The concept that children have greater capacity to learn and adapt to their environment compared to adults is based on observations that children have superior ability to learn a second language or operate a musical instrument more efficiently and more importantly, the ability to recover, to a certain extent, after brain injury.
This ability to remodel and change, also known as neuroplasticity, is the cornerstone of brain maturation, and is thought to be enhanced during specific periods called “critical and sensitive periods” of brain development.
Abnormal neuroplasticity is implicated in many brain disorders in children including intellectual disabilities, cerebral palsy, epilepsy, attention deficit hyperactivity disorder (ADHD) and autism.
To improve neurological dysfunction in these disorders and with advances in technology, researchers are now able to “induce” remodeling, to a certain degree, in the brain at deep and superficial levels using electrical and magnetic field stimulation devices such as deep brain stimulation (DBS) and transcranial magnetic stimulation (TMS). While these methods are well studied in adults, their use in children with is still in infancy.

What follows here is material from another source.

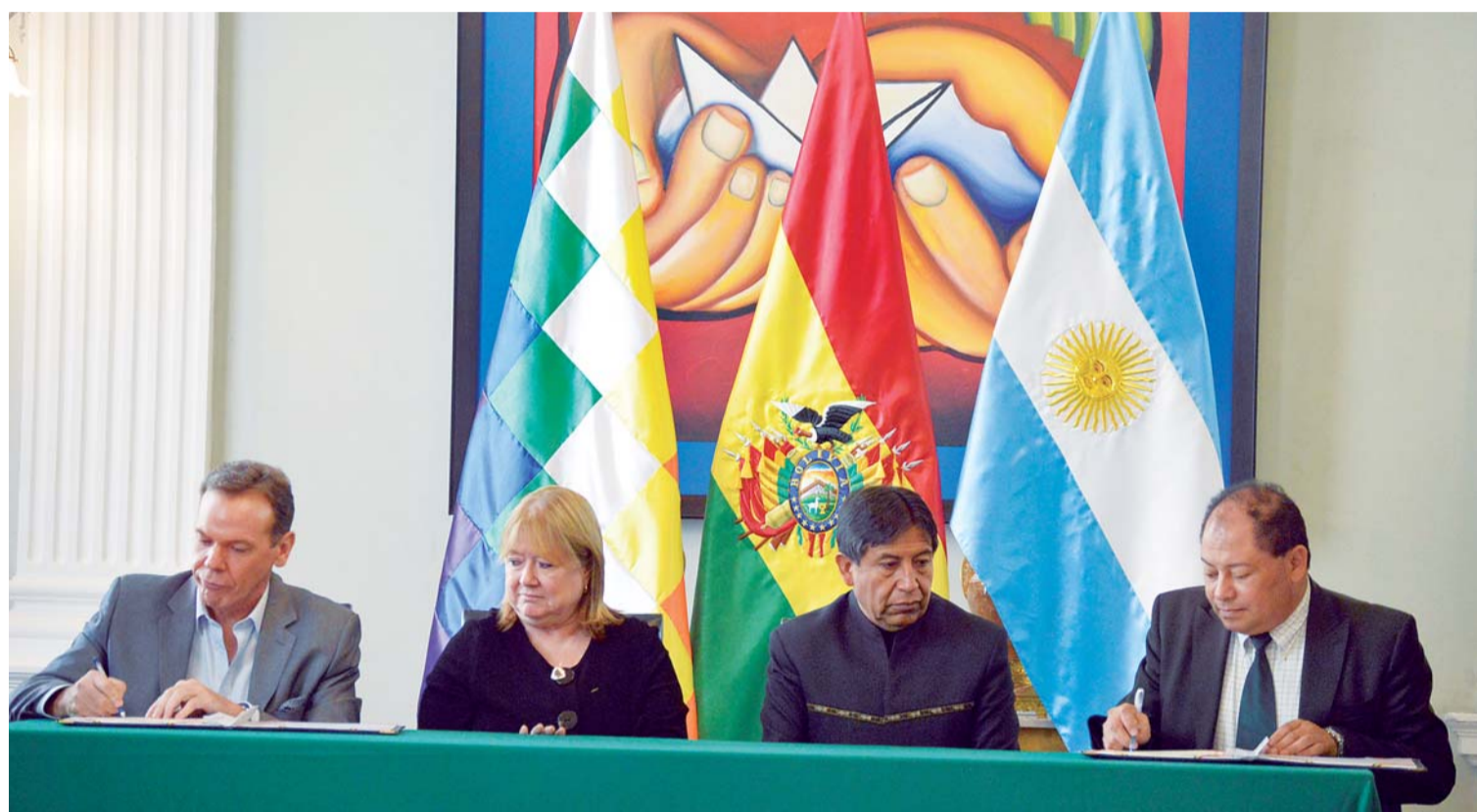
EL CANCELLER DAVID CHOQUEHUANCA (C) Y LA CANCELLER DE ARGENTINA, SUSANA MALCORRA, SUSCRIBIERON UN CONVENIO. EL TEMA MIGRATORIO FUE FIRMADO POR EL MINISTRO CARLOS ROMERO (D) Y EL REPRESENTANTE DE MIGRACIÓN DEL GOBIERNO ARGENTINO.

• Cancilleres de ambos países firmaron una declaración conjunta para trabajar en temas de control migratorio, contrabando, narcotráfico y trata y tráfico de personas. Además, se anunció que el 10 de marzo, autoridades bolivianas y argentinas se reunirán para tratar el tema de la integración de la matriz energética
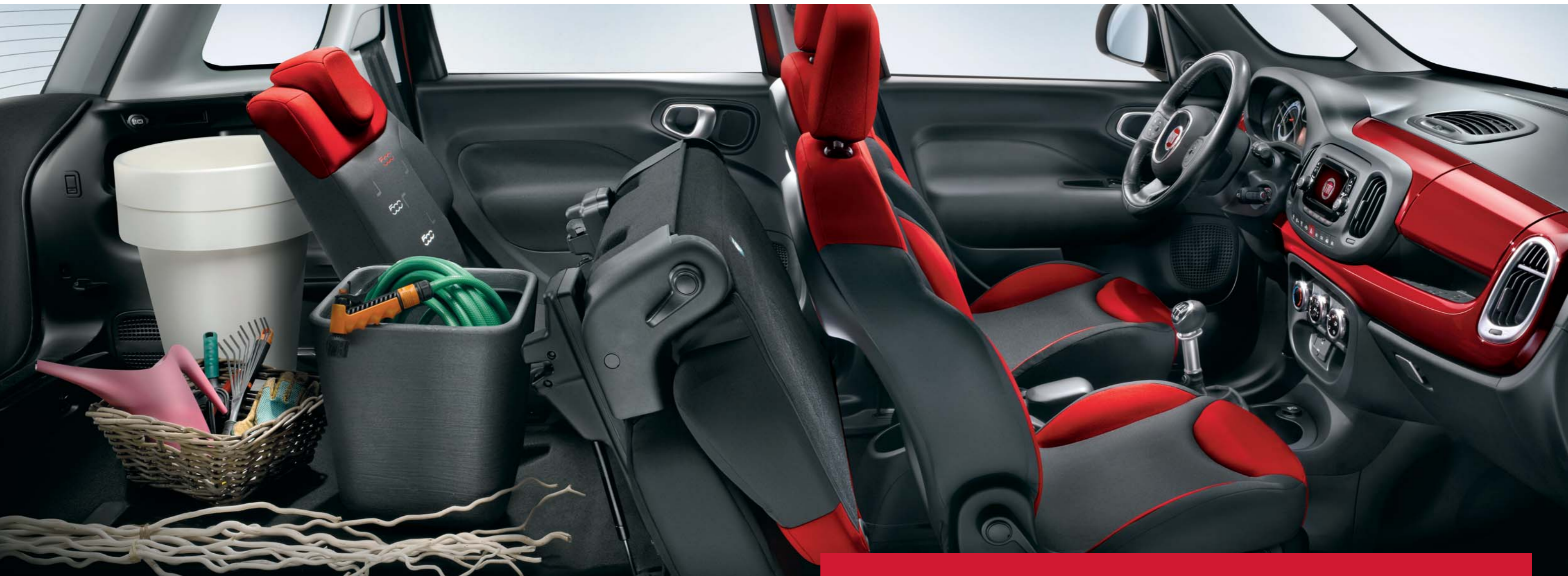
Interno con sedili con funzione fold&tumble che permettono di ottenere un piano di carico piatto che sfrutta l'intera lunghezza del veicolo.

500L PRO è generosa di spazio, di comfort, di praticità, perché tutto è studiato per ottenere il massimo rendimento con il minimo sforzo. La plancia ergonomica, dispone di numerosi vani portaoggetti per avere tutto sempre a portata di mano. Due di questi sono dotati di sportello di chiusura. La strumentazione è ad alta leggibilità e integra la radio UConnect™ con display "touch" da 5 pollici. Ma a bordo c'è sempre un posto riservato alla classe, grazie agli interni disponibili nei raffinati colori grigio/nero o decisi grigio/rosso.

In this article, we characterize and outline the different types of neuroplasticity in children in health and disease including neuroplasticity that enables children to acquire skills and achieve milestones (developmental neuroplasticity), neuroplasticity that result in developmental disabilities (impaired developmental neuroplasticity), neuroplasticity after intense musical practice (adaptive neuroplasticity), neuroplasticity after brain injury or brain surgery (reactive neuroplasticity), and neuroplasticity that gets “out of control” as seen in some seizure syndromes (excessive or destabilizing neuroplasticity) and finally, neuroplasticity that puts the young brain at higher risk for further injury (the brain’s Achilles tendon).
We then discuss the crucial role of “critical and sensitive periods” in controlling and shaping the brain’s ability to change in children at different time points and in different brain networks. We also refer to data from animal studies and studies in adult subjects to showcase that it is possible to modulate the timing of these periods in order to lend more time for other interventions to take place.
Based on that, we hypothesize that identifying and understanding what “opens and closes” these periods in some children with brain disorders such as seizures, cerebral palsy and other neurodevelopmental disorders or after brain injury might open “windows of opportunity” to apply therapies that are not commonly seen in adult brain.
By understanding how neuroplasticity works and when is it enhanced, it is foreseeable in the near future that we would be able to identify which and when some brain disorders are more amenable to rehabilitation or brain stimulation-based techniques. Careful timing of interventions might allow for greater improvements in clinical outcomes.